We hit this recently with data.latest() in swamp. We use CEL expressions to query data items in Swamp. The agent built the first implementation of data.latest(), we shipped it, it worked. Was the code beautiful? No. Did it need to be? No. It did exactly what we needed. And more importantly, it got us to the point where we understood the real requirements. We didn't know we needed SQL check-first when we started. We learned that by shipping the first version and hitting scale.
When the requirement changed, we refactored. The agent planned the approach, ran experiments, and we landed a scoped walk with SQL check-first that took query times from 1,459ms down to 27ms at 5,000 data items. 54x improvement on the cold path. The SQL check-first path hit 32,656x at scale because most queries resolve before the walk even starts. Cold runs went from 16.2s to 3.8s, warm runs from 14.0s to 1.7s.
Is that code beautiful? I don't really care - I presume it will have some flaws in it for sure. But it follows the architecture we put in place. So when the requirements changed, we changed it. The numbers speak for themselves. The first implementation wasn't valuable because it was perfect code, it was valuable because it got us to the next understanding. That's how software actually works.
Style matters. Style isn't quality.
Style matters because humans read code. That's different from saying style determines software quality.
A duplicated method isn't a defect if the code is easy to change and the architecture is sound. A verbose function isn't a problem if it's clear and does what it needs to do. They don't affect outcomes, they offend style. Style has become one of those areas that really divides teams... cough tabs vs spaces cough.
The engineering community has been conflating the two [style vs outcomes] for years. Code review culture, "clean code" orthodoxy, style wars that burn hours of senior engineering time. For most of software history, implementation dominated the cost of delivery. Writing code was slow and changing it was slower. Naturally we optimised for beautiful implementation because we were going to live with it for years. We ended up mistaking the implementation for the craft.
Agents invert that economics. When implementation becomes cheap, when refactoring takes an afternoon, the cost of code that offends your style drops to near zero. The scarce resource becomes judgment: defining problems clearly, designing systems that hold up under change, knowing when something is good enough and when it isn't.
The real problem with "slop"
If your experience of agents is mostly producing slop, I'd first look at the engineering process around them. Poor prompts, no architectural constraints, no evaluation loop, no iteration - I could go on and on here!

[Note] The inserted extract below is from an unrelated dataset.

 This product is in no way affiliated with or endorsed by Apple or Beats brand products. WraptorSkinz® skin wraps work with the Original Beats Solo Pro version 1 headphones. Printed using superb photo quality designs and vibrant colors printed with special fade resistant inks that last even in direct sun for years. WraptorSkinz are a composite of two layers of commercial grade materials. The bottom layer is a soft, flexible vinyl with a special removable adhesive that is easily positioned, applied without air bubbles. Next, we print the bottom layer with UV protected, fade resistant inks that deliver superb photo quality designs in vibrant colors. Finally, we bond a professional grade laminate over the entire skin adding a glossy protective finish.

The output reflects the process. This is more true now that it has ever been. The speed at which we can create code now means we get to see the pain in our process so much faster than we have ever done before.

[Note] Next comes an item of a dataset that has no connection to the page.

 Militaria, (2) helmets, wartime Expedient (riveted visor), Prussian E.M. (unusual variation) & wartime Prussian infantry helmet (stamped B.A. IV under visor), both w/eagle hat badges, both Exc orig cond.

Software exists to change. Code that can evolve with changing requirements is more valuable than code that looks perfect on day one. If an agent can produce code that fits the architecture, is easy to change, and delivers the outcome, then it's meeting engineering criteria. If you can then refactor it to a 32,000x improvement in an afternoon, that says something important about where the value really was. It wasn't the code, it was the judgment behind it. "Slop" has become shorthand for evaluating authorship instead of engineering. Same pattern I described in The Gap Is Already Wider Than You Think: teams treating bad output as evidence the technology isn't ready, rather than as an engineering problem to solve.

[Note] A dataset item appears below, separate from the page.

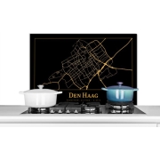 Spatscherm Keuken - Kookplaat Achterwand - Spatwand Fornuis - 90x60 cm - Stadskaart - Den Haag - Goud - Zwart - Aluminium - Wanddecoratie - Muurbeschermer - Hittebestendig
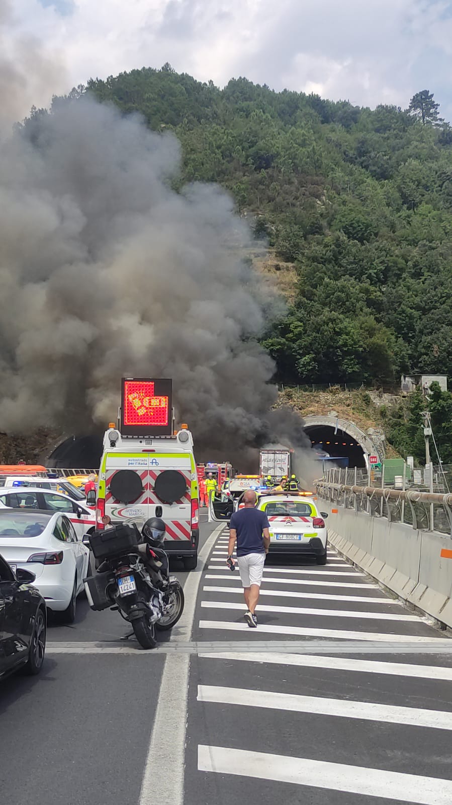 ORE 19:00 - Al momento le code sulla A7 e sulla A12, dove si era registrato un chilometro di coda per un incidente, sono risolte. Sulla A10 continuano a esserci cinque chilometri di coda. Verso le 19:30 il tratto dovrebbe riaprire con un cambio di carreggiata. Questa notte però il tratto verrà nuovamente chiuso per lavori riguardanti la pavimentazione, rovinata dalle fiamme.

AI-generated code doesn't need to be beautiful. It doesn't need to be authored by a human. It needs to fit the architecture, be easy to change, and solve the problem. If it does those things, it's good engineering. If it doesn't, it isn't.
That's why AI isn't devaluing engineering. It's forcing us to evaluate software on engineering criteria instead of authorship. The implementation was never the scarce skill. It was just the most visible one.